ML: We would like to discuss this topic in a symposium at TONLAGEN 2021: How can sustainable structures be developed for the independent music scene? How can the young ensembles become viable without having to imitate the large institutions? How can the freelancers work in halfway secure structures so that they can concentrate on their art in the long term? These must be very simple and concrete questions about secure production conditions and income. 

LR: … especially since, in the worst case, constant project-based work also leads to aesthetic impoverishment – namely when it’s only a matter of making the next project application as attractive as possible and convincing the funders with fancy buzzwords. This would mean that something would be lost twice over: individual livelihoods and artistic impulses in general. In this context, even the Corona short-term grants do not create sustainability. We can see how the current situation is scaring off young people. Many are once again considering whether they should study music at all. Because they see what significance the cultural sector can have for politics. And it is, of course, the small, independent groups that are most likely to perish – those that do not represent the mainstream, but rather something special, something off the beaten track, something that is absolutely necessary in a rich artistic and cultural life. 

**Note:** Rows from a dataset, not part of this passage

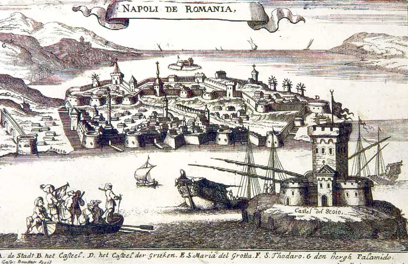 Οι ανεμόμυλοι του Ναυπλίου: J. Peeters, Description…, ca. 1690 (Αφροδίτη Κούρια, Το Ναύπλιο των περιηγητών / The Nauplion of the Foreign Travellers, Εμπο¬ρική Τράπεζα της Ελλάδος Α.Ε., Αθήνα 2007, σ. 60, αρ. 27).
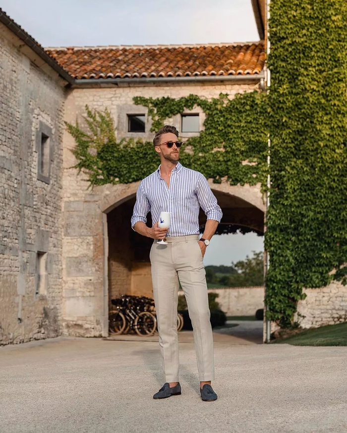 正装裤、卡其裤都能配,鞋款根据所选裤装选择,考虑到婚礼场合,建议穿着条纹一片领衬衫,可以是浅紫色、浅蓝色或者粉色条纹,搭配平时上班穿的深色西装裤和皮鞋都不会太一本正经,如果鞋柜里刚好有双麂皮乐福鞋的话一定换上,看起来会更有腔调。
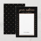 For the most stylish bridal shower game ever, pass out these "your advice for the bride" cards to your guests! Fancy typography appears in a faux rose gold colour, with matching dots on the front and back. The background is a deep black which really sets off the design.
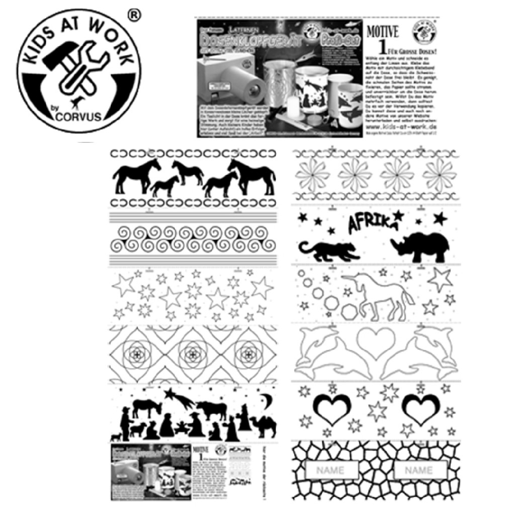 A csomagban 5 ív található, mindeegyik íven 11 különböző téma. A papírokat a jelölések mentén kell szétvágni, azután konzervdoboz mécsesek oldalára lehet ragasztani. A sablonok szerint szeggel kilyukasztgatni a konzervdobozt. A dobozba helyezett mécses fénye átvilágit a lyukakon és kirajzolja a mintázatot. Nagyon meghitt ez a hangulatvilágítás.
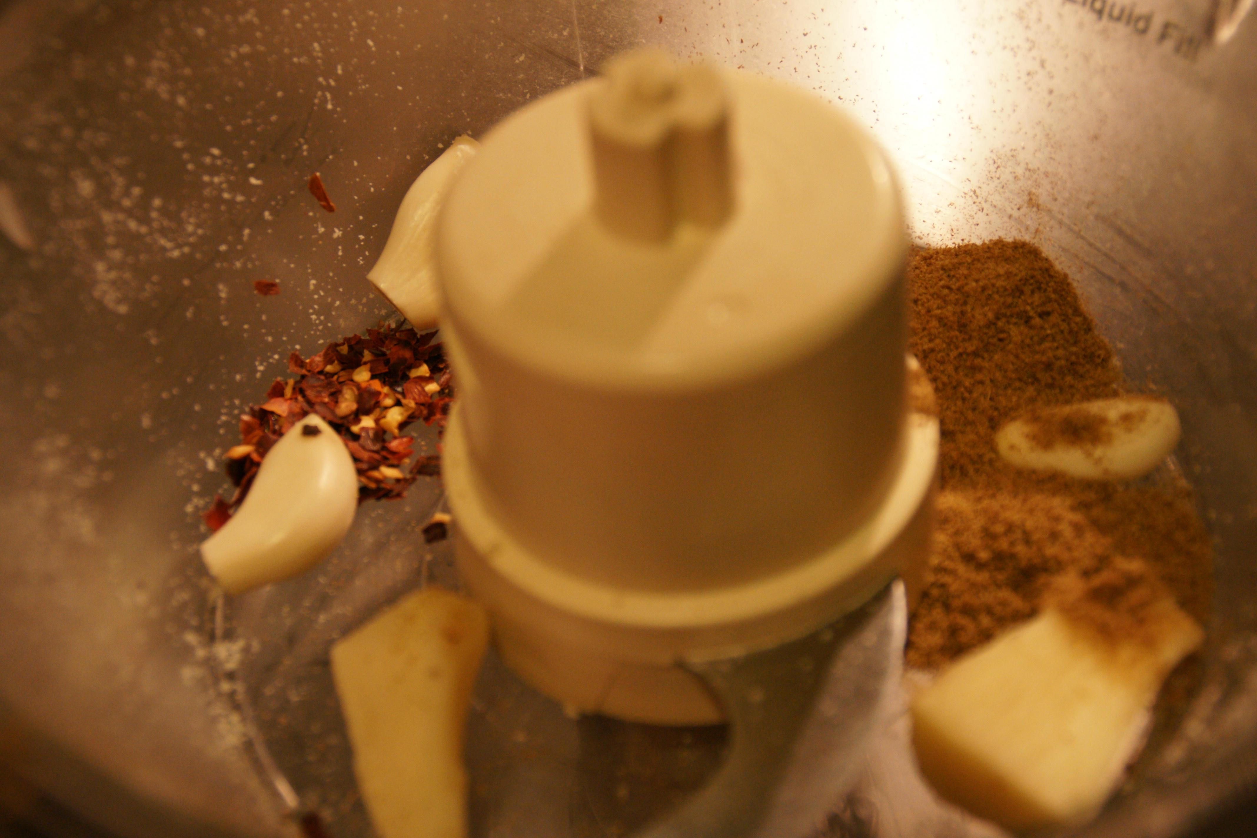 I removed the almonds to a small bowl, then added the ginger, garlic and spices to the work bowl,

ML: In this respect, this Corona crisis is actually interesting. Because it also reveals another crisis that has been there for a long time: public funding for independent groups is simply underfunded, especially in the area of contemporary music. But how does one solve this problem? Launching a petition or writing another open letter to politicians will probably not be very effective. Because they don’t have any long-term solutions at hand. Wouldn’t it be a good idea to approach the big institutions directly? I have in mind a kind of solidarity-based model that would could be installed within our existing, highly developed and subsidized orchestra system. For example, concert halls and opera houses could make their rooms and workshops available to freelancers and include them in their subscription programs with paid concerts. 

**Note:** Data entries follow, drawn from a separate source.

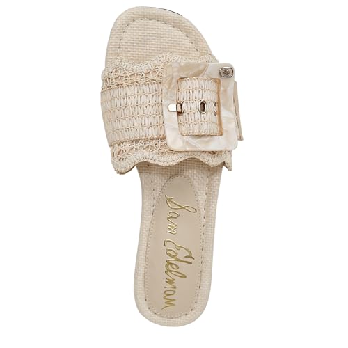 • The Bambi slide sandals boast a raffia upper complemented by an oversized resin buckle. Play with proportion and pack a punch.
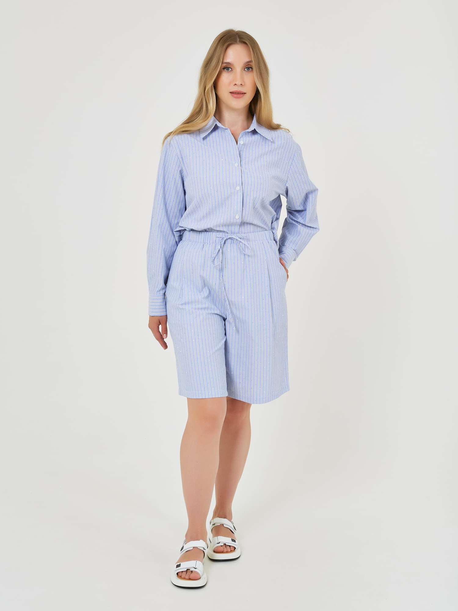 Шорты с эластичным поясом и завязками выполнены в светло-голубом цвете с тонкими вертикальными полосками и стразами, что придаёт им свежий и стильный вид. Коллекция Весна-Лето 2025. Капсула "Санторини". Параметры модели: 89-70-92, рост 167, размер 44-46
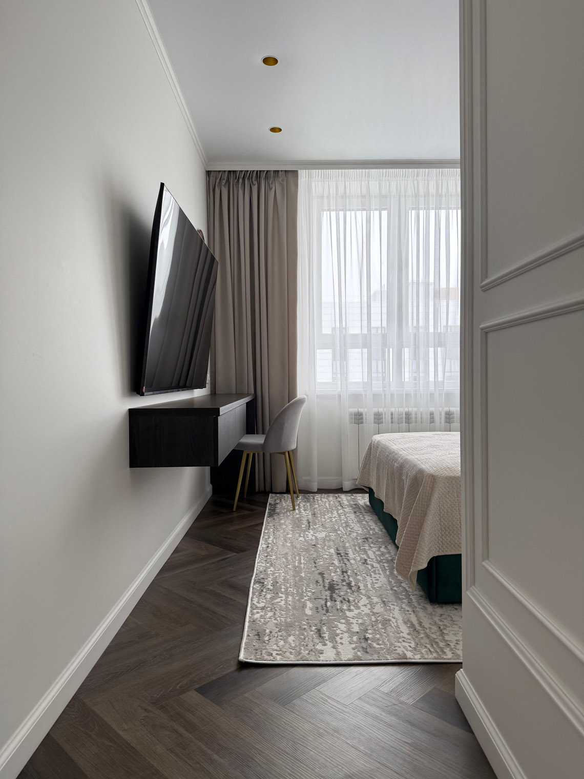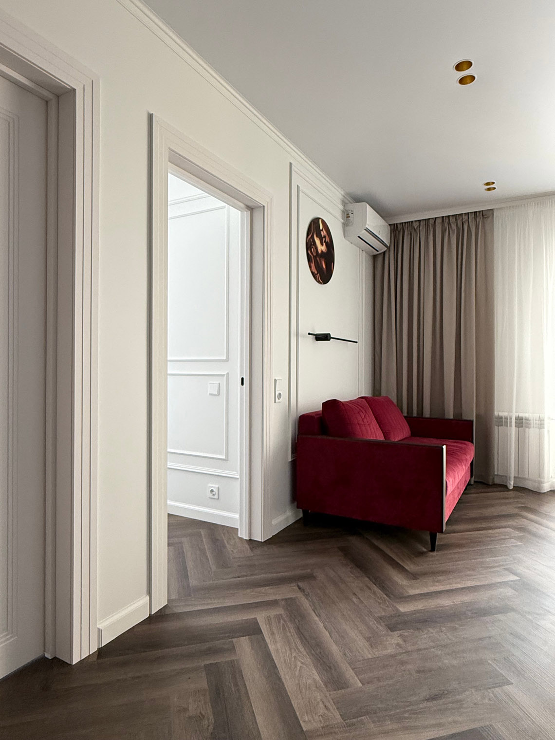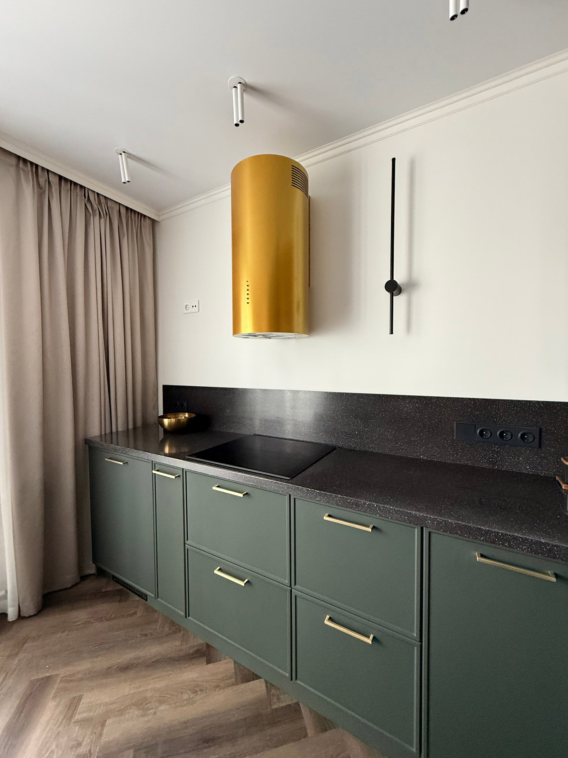 В основе этого интерьера — смелый контраст: белоснежные стены + темная мебель. То, чего многие избегают, здесь выглядит безупречно. Кварцевый ламинат в укладке мелкой «ёлочкой» добавил пространству графичности и поддержал насыщенную цветовую палитру.

LR: For this model, however, it seems important to me to demand flat hierarchies or to make sure that the free people are not suddenly indebted to the institutions and have to fulfill a number of conditions. I think that creating a truly unconditional solidarity is not at all easy to realize in our thinking and acting shaped by the capitalist system. For we have long lived in a consciousness according to which artists are also entrepreneurs (and their work is a commodity). Of course, this makes ideas like the one you’ve just expressed a great challenge. 

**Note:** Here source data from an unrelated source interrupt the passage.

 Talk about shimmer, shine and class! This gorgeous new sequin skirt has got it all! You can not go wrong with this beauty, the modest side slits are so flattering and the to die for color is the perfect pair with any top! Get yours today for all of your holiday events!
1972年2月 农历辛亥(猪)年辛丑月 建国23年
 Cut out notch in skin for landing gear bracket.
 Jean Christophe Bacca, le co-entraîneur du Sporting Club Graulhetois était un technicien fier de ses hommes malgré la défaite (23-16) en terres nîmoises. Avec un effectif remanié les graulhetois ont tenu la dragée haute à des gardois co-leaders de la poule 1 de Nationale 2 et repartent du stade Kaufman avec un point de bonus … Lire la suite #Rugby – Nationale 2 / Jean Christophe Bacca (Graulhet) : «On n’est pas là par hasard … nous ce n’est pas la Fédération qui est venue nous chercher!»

ML: That’s why it would be important to make it clear that this is not about a return-on-investment thinking along the lines of: “We’ll support you in realizing your projects and becoming successful entrepreneurs if you meet our conditions”. The freedom of art and creativity must be guaranteed. There are already some promising initiatives for independent music ensembles at permanent venues – for example, at the Elbphilharmonie in Hamburg, HELLERAU has a double-pass project with the soloist ensemble Kaleidoskop and the Hanover State Opera, and the Konzerthaus Berlin wants to open itself up to the independent scene in 2021. But that would have to become more. And we should think more carefully about systematically working on structures that make such collaborations possible. In the 2000s, there was something similar in the form of the “New Music Network,” funded by the German Federal Cultural Foundation. Regional and municipal networks worked together for several years to structurally strengthen the new music scene. Mobilizing forces and funds for something like this again would be a very good measure, especially at the present time. 

TONLAGEN – 30th Dresden Contemporary Music Days 
15.04.–02.05.2021

Leonie Reineke is an editor for new music at Südwestrundfunk and works as a freelance author for Deutschlandradio and ARD, Moritz Lobeck has been the director of the festival TONLAGEN – Dresdner Tage der zeitgenössischen Musik since 2019.